Selection bias: when treated and untreated units differ for reasons beyond treatment,
E[Y₀ | T = 1] ≠ E[Y₀ | T = 0],
so simple comparisons are biased.
Randomization / ignorability: when treatment is independent of potential outcomes,
(Y₀, Y₁) independent of T,
then True causal effect: E[Y₁ − Y₀] = E[Y | T = 1] − E[Y | T = 0].
SUTVA (Stable Unit Treatment Value Assumption):
- One unit’s treatment does not affect another’s outcome.
- There is only one “version” of treatment.
Assumptions are essential: causal inference always relies on assumptions to connect causal quantities to estimators.

Reference

This analysis builds on standard concepts in causal inference, particularly the potential outcomes framework popularized in:

Matheus Facure — Causal Inference for the Brave and True

2. Simulating potential outcomes

We start by simulating potential outcomes for each unit.

Think of the two variables as:

Y0 → conversion probability if the customer does not receive an email
Y1 → conversion probability if the customer does receive an email

Only one of these outcomes is observed for each customer — depending on whether they were treated.

True Average Treatment Effect (ATE)

The true causal effect is the average difference between treated and untreated potential outcomes:

ATE = mean(Y1 − Y0)

Or in full words:

The ATE tells us how much conversion would increase on average if all customers received the email.

#!pip install pandas

The number printed above is the ground-truth causal effect in this simulated world.

We never get Y0 and Y1 for the same individual.

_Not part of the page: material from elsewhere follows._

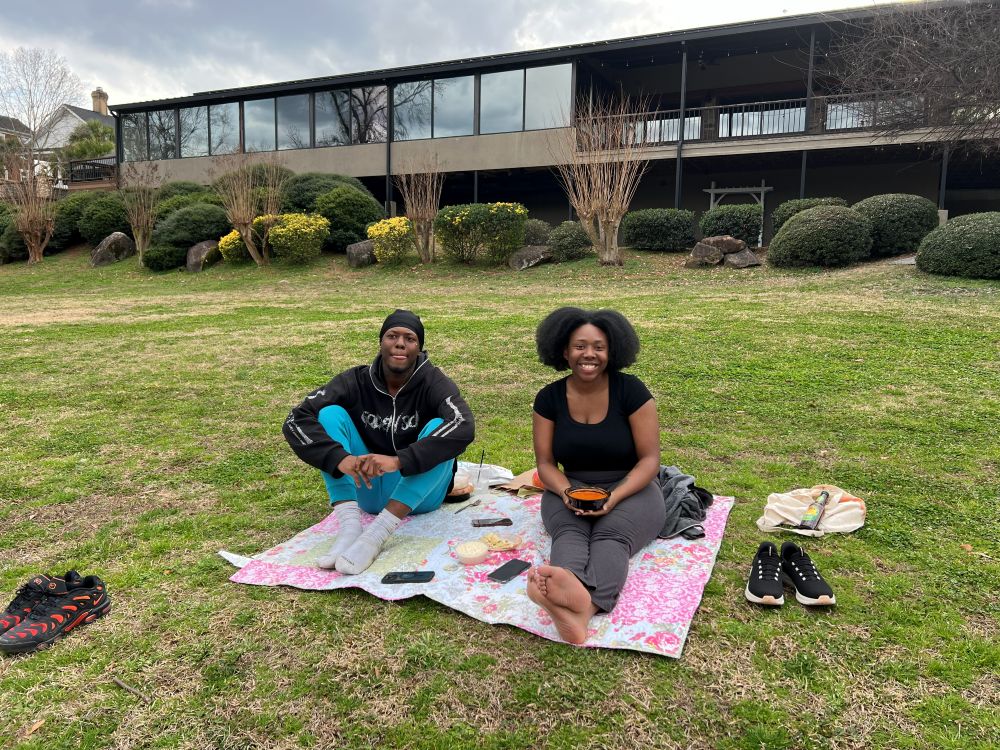 Bri and Aidan who live in West Columbia are sister and brother. They were having a picnic on the grass at Riverwalk, in front of Stone River, Wednesday.
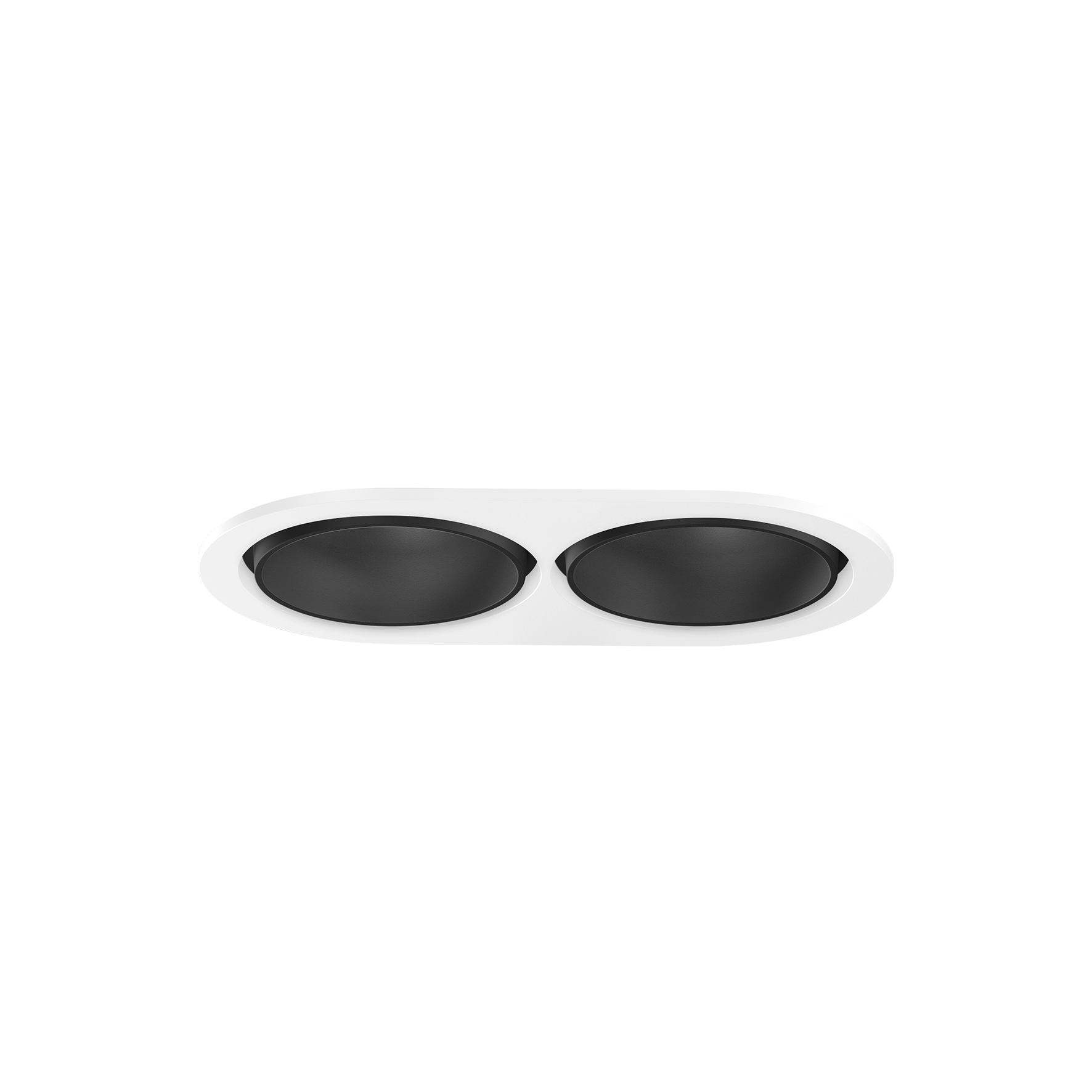 Faretto a incasso rotondo in alluminio pressofuso; a 2 luci; superficie nero; girevole 360° e orientabile 30°; montaggio senza attrezzi con sistema brevettato a moschettone sferico; alloggiamento ovale da incasso; con bordo perimetrale bianco traffico; adatto per soffitti con spessore di 2-25 mm; raffreddamento passivo del LED grazie alla geometria ottimizzata del dissipadore; con tecnologia COB (Chip on Board) per la massima efficienza; assenza di ombre multiple; colore della luce 3000 K; binning iniziale MacAdam ≤ 2 SDCM; CRI ≥ 90; 80 % min. del flusso luminoso dopo 50000 ore di esercizio; LED a efficienza energetica con un'elevata resa cromatica; incl. ottica a lente di alta qualità; emissione precisa con angolo di emissione di 39°; UGR ≤ 16; luce da lavoro adatta a schermi conform. DIN EN 12464-1; luminanza superiore a 65° ≤ 3000 cd/m²; classe di protezione IP40 in basso (IP20 in alto); classe isolamento 2 220-240V; incl. convertitore DALI-2; sorgente luminosa sostituibile da tecnici specializzati autorizzati; dispositivo di controllo sostituibile da tecnici specializzati autorizzati;

One of them always remains unobserved (the counterfactual).

3. Biased treatment assignment (selection bias)

Now let’s simulate a biased treatment assignment rule.

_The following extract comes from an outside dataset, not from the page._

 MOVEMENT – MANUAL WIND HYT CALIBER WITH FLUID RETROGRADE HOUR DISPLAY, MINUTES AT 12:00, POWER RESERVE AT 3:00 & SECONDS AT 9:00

Suppose the marketing team tends to send the email to customers who would already have a higher chance of converting. In our toy world, we let treatment depend on Y1:

Customers with larger Y1 are more likely to get treated.

This creates a dependence between treatment and potential outcomes, so
(Y0, Y1) are NOT independent of T.

import numpy as np
import pandas as pd

np.random.seed(42)

pd.set_option("display.precision", 4)

The line

# number of units (e.g., customers)
N = 2000

# potential outcomes: Y0 = no treatment, Y1 = treatment
# here: think of them as probabilities of conversion
Y0 = np.random.normal(loc=0.50, scale=0.08, size=N)  # baseline
Y1 = np.random.normal(loc=0.65, scale=0.08, size=N)  # better with treatment

df = pd.DataFrame({"Y0": Y0, "Y1": Y1})

true_ate = (df["Y1"] - df["Y0"]).mean()
true_ate

np.float64(0.14587786814791084)

implements exactly the switch function:

Yᵢ = (1 − Tᵢ) × Y₀ᵢ + Tᵢ × Y₁ᵢ

4. Naive association vs true causal effect

Let’s compare:

The naive difference in observed outcomes between treated and untreated:
average(Y | T = 1) − average(Y | T = 0)
The true ATE that we know from the simulated potential outcomes:
average(Y1 − Y0)

# biased treatment: higher Y1 -> more likely to be treated
T = (df["Y1"] > np.quantile(df["Y1"], 0.5)).astype(int)
df["T"] = T

# realized outcome using the switch function
df["Y"] = (1 - df["T"]) * df["Y0"] + df["T"] * df["Y1"]

df.head()

	Y0	Y1	Y
0	0.5397	0.5960	0.5397
1	0.4889	0.6384	0.4889
2	0.5518	0.5866	0.5518
3	0.6218	0.6254	0.6218
4	0.4813	0.4985	0.4813

Because treatment was not randomized, treated customers have different potential outcomes than controls. Formally,average(Y0 | T = 1) != average(Y0 | T = 0).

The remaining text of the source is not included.